In his most recent Suitwatch column, Doc Searls again mentioned Stewart Brand's book How Buildings Learn, so this weekend I borrowed it from the Denver Public Library and read it. Fascinating. Although the book is ostensibly about buildings and how they change over time, I found lessons galore in there for any field that tries to create structures -- from software design (as Doc points out, we call it architecture) to philosophy (the successful worldviews change over time as people "inhabit" the system).

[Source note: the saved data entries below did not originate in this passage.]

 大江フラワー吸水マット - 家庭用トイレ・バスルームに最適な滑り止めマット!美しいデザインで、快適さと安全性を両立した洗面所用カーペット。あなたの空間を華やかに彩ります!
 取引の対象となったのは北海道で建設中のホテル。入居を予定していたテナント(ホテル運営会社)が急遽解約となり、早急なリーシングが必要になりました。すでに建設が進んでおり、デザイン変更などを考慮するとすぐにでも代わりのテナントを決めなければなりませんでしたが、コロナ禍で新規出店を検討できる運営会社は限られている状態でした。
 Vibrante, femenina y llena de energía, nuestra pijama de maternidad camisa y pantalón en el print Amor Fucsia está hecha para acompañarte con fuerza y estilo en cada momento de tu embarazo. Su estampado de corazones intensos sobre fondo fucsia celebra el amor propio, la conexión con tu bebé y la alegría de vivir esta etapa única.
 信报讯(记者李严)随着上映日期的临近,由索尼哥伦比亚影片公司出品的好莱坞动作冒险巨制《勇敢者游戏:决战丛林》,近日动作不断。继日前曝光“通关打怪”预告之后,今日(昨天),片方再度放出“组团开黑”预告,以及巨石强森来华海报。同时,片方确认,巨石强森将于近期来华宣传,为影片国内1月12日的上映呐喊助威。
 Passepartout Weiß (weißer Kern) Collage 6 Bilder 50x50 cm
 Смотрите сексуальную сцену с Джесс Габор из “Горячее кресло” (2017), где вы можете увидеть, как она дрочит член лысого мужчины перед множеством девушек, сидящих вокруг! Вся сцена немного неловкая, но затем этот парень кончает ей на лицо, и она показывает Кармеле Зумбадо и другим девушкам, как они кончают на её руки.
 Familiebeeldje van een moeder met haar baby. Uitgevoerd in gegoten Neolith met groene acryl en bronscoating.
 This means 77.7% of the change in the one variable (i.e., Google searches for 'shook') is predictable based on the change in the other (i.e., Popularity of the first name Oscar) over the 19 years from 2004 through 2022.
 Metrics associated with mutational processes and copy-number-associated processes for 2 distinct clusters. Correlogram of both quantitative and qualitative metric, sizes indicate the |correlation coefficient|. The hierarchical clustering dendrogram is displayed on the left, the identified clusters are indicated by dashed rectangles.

When we create structures, there is always the temptation (some call it "analysis paralysis") to create something perfect and unchanging in all respects. Brand labels this the "high style" approach. It is endemic in architecture, which worships the architect-genius who makes buildings that are works of art, not living, adaptive structures. High style buildings ignore the accumulated wisdom of vernacular building traditions (e.g., pitched roofs are better than flat roofs), which is one reason that high style buildings fail to fulfil their function ("If the roof doesn't leak, the architect hasn't been creative enough" -- Frank Lloyd Wright) and do not adapt well to the real needs of the occupants.
We find similar problems in software engineering, where the desire for a conceptually consistent and beautiful solution (say, OS/2 or Java or X.400) fails to provide the same flexibility that messier but structurally solid architectures provide (say, Perl or Linux or SMTP). I'd say that Jabber falls definitely on the simple, extensible, Low Road, vernacular side of the fence -- it isn't perfect, but the underlying structure (XML streams, three simple packet types corresponding to information push, presence broadcast, and request-response) is strong and the skeleton is so extensible that people can keep adding rooms onto the house in order to do the things they need to do.
To me, the analogy extends also to philosophies. In the introduction to Anarchy, State, and Utopia, Robert Nozick lampoons thinkers who seek to provide a perfect account of any phenomenon, since they inevitably must ignore a large number of facts that don't fit the theory. Using Brand's insights, we can say further that such thinkers must avoid contemplating the uses to which their ideas will be put. Typical high style thinkers seek to create a perfect philosophy from the get-go (rationalists such as Descartes and Spinoza comes to mind), and their philosophies do not adapt to changing times. Vernacular thinkers are more interested in putting together a strong outline and opening up the system to change and growth over time (Aristotle comes to mind, though his system was hijacked by high-style renovators in the later Middle Ages). Interestingly, Ayn Rand was (like the architect-hero of her novel The Fountainhead, and like her real-life hero Frank Lloyd Wright) an utter high-style modernist in this regard: she wanted to created a perfect, finished philosophy and loathed anyone who dared so much as change a comma. Unfortunately for her, the occupants of any philosophy tend to modify things over time in order to meet their needs, just as building occupants do. If the philosophy is a strong, open system in the first place, that kind of change over time makes organic sense; if not, the occupants abandon the worldview in favor of one that is more adaptable. It's a natural process of change over time, much as physical and intellectual architects resent it.
Next book: Crossing the Chasm by Geoffrey Moore. After that perhaps The Art of the Long View by Peter Schwartz (on scenario planning) or something by Christopher Alexander, such as A Pattern Language or The Timeless Way of Building.